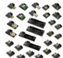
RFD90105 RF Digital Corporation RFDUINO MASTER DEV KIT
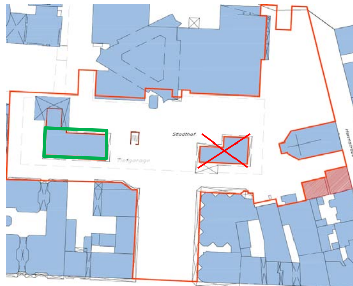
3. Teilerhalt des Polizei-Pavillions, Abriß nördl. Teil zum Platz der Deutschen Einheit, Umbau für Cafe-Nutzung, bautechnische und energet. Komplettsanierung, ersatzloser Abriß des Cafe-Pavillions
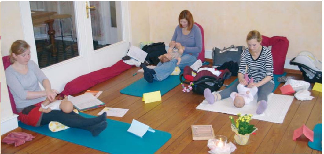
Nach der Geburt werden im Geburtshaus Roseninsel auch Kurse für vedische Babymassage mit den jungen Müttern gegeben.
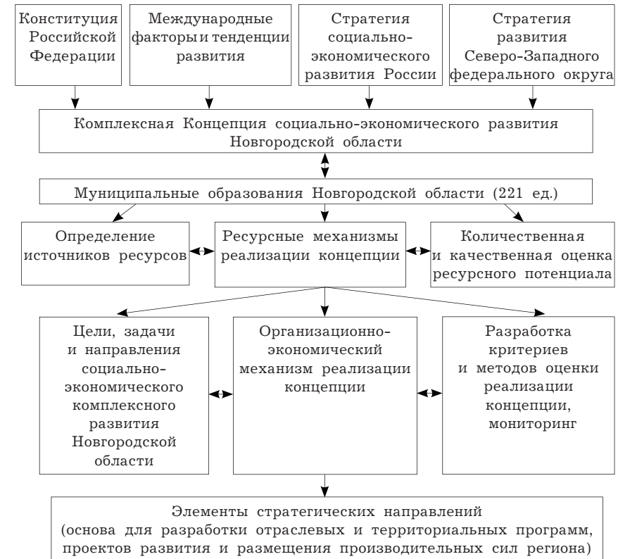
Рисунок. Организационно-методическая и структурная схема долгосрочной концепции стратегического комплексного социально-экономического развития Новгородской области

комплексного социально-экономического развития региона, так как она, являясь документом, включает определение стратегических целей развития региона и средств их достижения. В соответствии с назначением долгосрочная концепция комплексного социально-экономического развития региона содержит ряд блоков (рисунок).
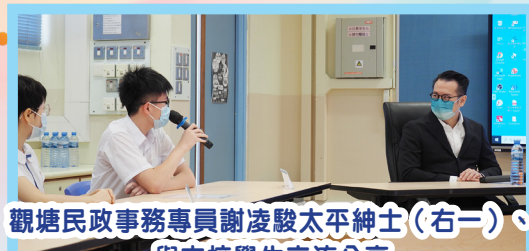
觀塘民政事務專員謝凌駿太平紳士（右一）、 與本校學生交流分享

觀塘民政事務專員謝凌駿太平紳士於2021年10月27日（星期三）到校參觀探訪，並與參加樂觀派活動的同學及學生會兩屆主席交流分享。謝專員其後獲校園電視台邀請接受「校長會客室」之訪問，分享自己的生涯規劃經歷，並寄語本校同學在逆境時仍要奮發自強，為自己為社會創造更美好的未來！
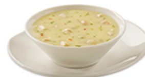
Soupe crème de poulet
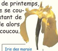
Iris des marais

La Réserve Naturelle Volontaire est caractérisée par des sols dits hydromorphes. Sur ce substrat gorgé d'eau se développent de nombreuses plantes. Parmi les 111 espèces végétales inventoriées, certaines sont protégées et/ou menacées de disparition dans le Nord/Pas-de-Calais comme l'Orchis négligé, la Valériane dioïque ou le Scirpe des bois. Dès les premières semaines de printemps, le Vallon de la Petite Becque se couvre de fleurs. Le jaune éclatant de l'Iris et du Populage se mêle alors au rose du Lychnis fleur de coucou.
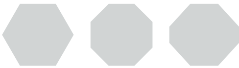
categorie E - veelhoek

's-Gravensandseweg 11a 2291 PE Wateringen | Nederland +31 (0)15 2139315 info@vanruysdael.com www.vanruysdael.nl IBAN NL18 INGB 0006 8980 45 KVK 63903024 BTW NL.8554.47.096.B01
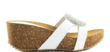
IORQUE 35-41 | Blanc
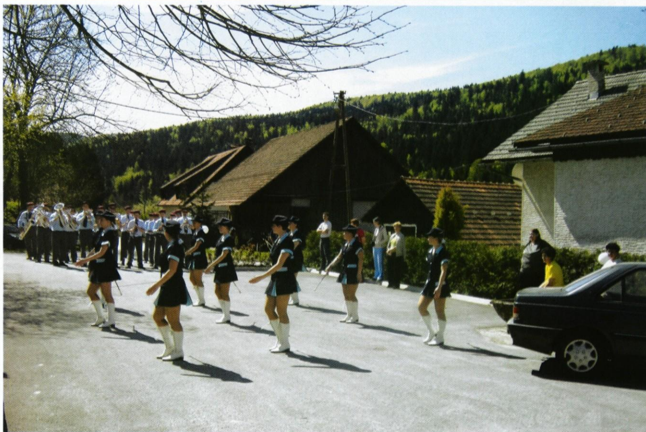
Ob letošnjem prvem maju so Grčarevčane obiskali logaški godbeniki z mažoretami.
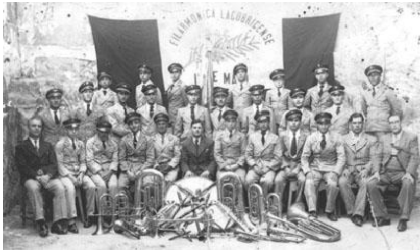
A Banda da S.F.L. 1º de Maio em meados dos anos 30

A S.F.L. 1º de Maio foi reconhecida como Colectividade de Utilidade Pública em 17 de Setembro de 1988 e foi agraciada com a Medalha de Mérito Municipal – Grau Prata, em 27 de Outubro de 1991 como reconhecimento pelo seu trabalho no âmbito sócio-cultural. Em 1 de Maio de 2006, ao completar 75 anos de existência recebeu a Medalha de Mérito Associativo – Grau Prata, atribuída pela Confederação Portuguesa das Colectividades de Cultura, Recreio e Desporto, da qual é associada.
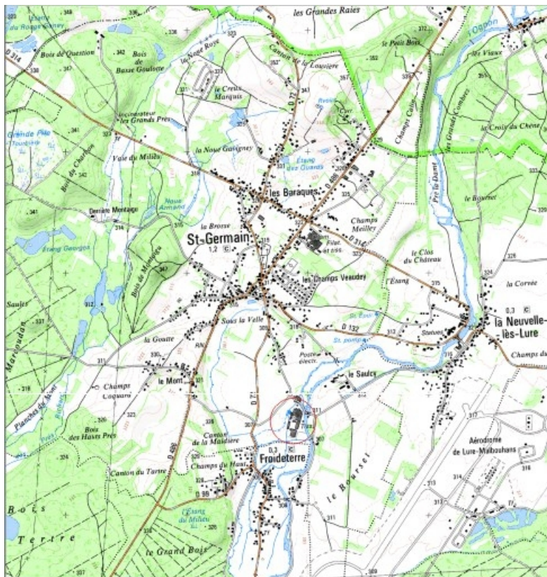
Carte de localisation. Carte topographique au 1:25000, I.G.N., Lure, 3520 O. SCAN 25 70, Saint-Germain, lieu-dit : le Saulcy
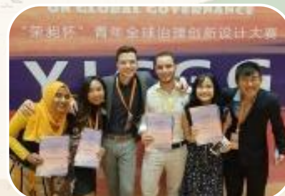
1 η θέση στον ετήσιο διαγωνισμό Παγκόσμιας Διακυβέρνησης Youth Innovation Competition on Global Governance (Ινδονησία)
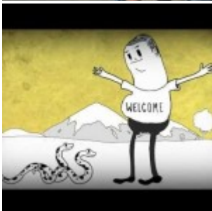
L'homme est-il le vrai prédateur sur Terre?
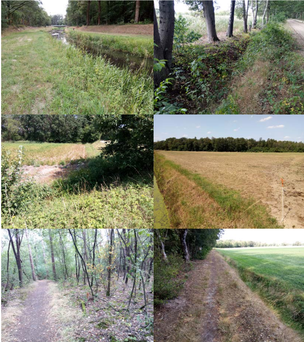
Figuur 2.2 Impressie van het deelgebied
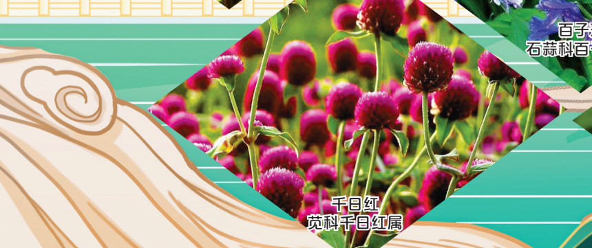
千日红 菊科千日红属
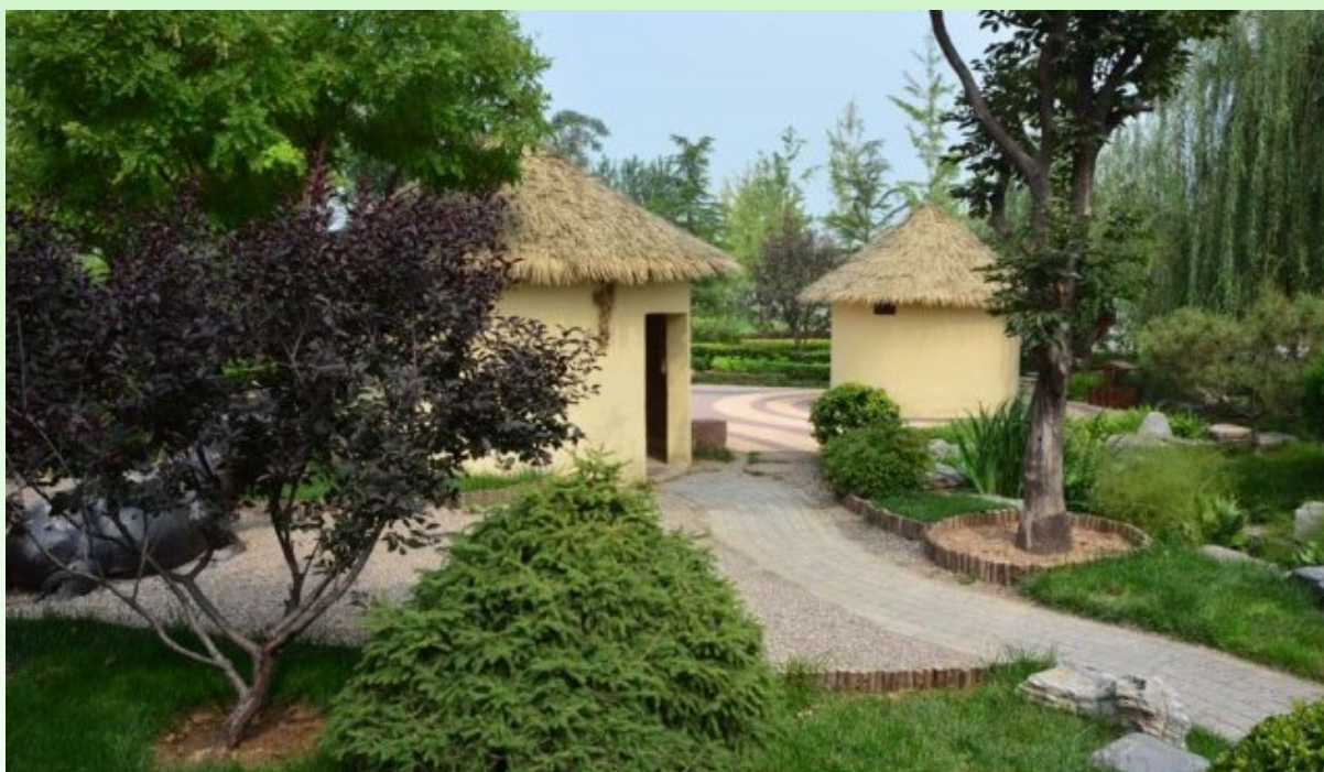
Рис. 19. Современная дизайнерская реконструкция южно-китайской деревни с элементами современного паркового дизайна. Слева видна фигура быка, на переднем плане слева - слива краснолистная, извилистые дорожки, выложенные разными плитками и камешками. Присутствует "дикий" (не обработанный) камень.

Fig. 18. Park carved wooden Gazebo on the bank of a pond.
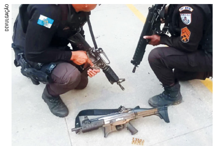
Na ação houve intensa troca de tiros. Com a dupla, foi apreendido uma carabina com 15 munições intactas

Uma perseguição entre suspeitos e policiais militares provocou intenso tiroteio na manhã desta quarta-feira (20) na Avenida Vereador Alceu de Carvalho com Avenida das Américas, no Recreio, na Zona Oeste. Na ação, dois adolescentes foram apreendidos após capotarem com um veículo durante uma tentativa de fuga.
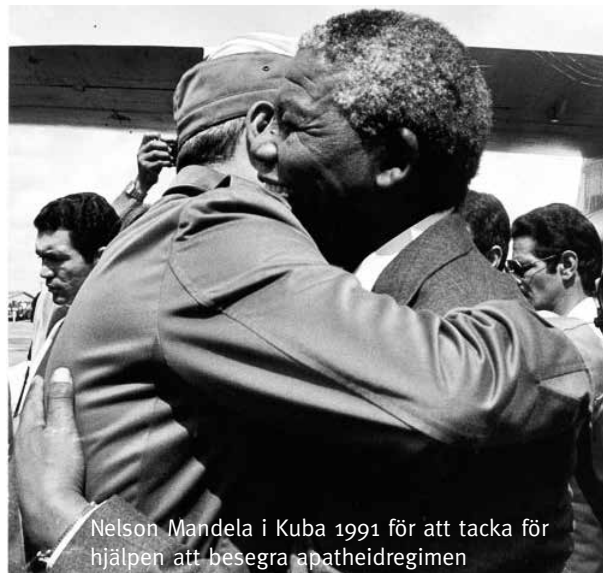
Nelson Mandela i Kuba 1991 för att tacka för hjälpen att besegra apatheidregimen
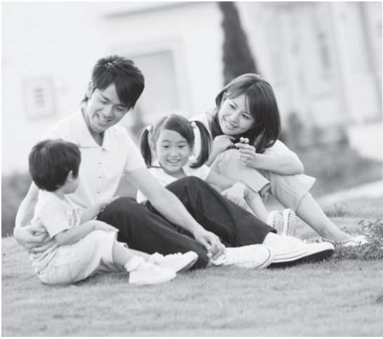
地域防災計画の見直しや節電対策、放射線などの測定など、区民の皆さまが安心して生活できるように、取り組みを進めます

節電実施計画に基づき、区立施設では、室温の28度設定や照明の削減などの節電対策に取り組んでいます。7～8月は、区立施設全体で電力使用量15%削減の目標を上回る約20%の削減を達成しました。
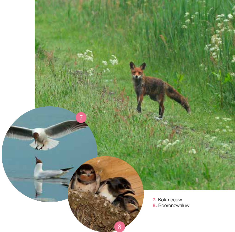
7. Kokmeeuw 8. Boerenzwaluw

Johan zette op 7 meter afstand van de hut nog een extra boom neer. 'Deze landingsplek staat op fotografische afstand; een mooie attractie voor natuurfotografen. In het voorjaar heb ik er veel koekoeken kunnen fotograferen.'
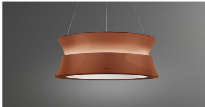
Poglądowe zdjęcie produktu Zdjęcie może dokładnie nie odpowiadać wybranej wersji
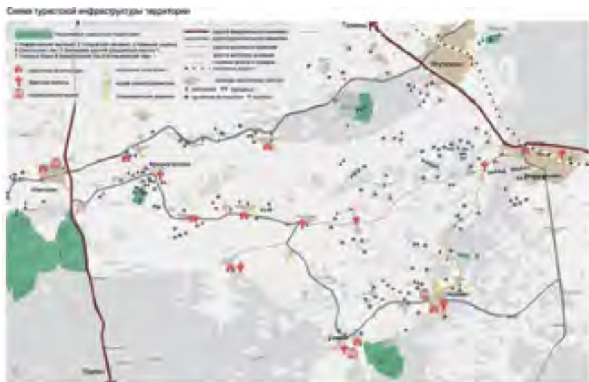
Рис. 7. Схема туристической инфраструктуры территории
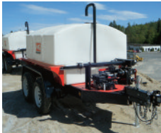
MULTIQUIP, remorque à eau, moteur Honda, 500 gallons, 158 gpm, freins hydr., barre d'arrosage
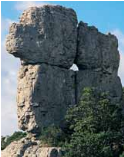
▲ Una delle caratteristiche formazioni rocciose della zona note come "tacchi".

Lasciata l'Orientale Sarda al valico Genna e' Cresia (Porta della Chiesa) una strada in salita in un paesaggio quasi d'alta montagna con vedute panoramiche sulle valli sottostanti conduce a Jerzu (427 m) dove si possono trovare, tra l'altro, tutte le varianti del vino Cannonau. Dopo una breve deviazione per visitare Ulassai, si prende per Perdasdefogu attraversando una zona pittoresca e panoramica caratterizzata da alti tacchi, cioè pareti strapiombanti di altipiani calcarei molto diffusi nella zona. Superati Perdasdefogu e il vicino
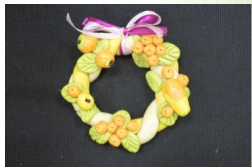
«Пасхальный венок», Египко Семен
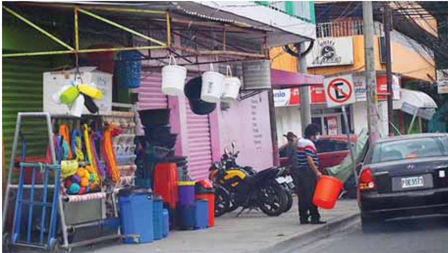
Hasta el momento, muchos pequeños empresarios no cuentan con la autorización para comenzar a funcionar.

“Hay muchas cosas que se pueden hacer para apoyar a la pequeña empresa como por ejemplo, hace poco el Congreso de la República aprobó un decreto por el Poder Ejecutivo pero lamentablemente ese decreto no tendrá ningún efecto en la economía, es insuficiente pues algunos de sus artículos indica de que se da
#####
▶ Exercise goal
Leaving out all pictures, set down exactly the lines of the material above, from the line with "Fig. 18. Park" to the line with "地域防災計画の見直しや節電対" inclusive, and no others.

▶ Result of this task
Fig. 18. Park carved wooden Gazebo on the bank of a pond.
Na ação houve intensa troca de tiros. Com a dupla, foi apreendido uma carabina com 15 munições intactas

Uma perseguição entre suspeitos e policiais militares provocou intenso tiroteio na manhã desta quarta-feira (20) na Avenida Vereador Alceu de Carvalho com Avenida das Américas, no Recreio, na Zona Oeste. Na ação, dois adolescentes foram apreendidos após capotarem com um veículo durante uma tentativa de fuga.
Nelson Mandela i Kuba 1991 för att tacka för hjälpen att besegra apatheidregimen
地域防災計画の見直しや節電対策、放射線などの測定など、区民の皆さまが安心して生活できるように、取り組みを進めます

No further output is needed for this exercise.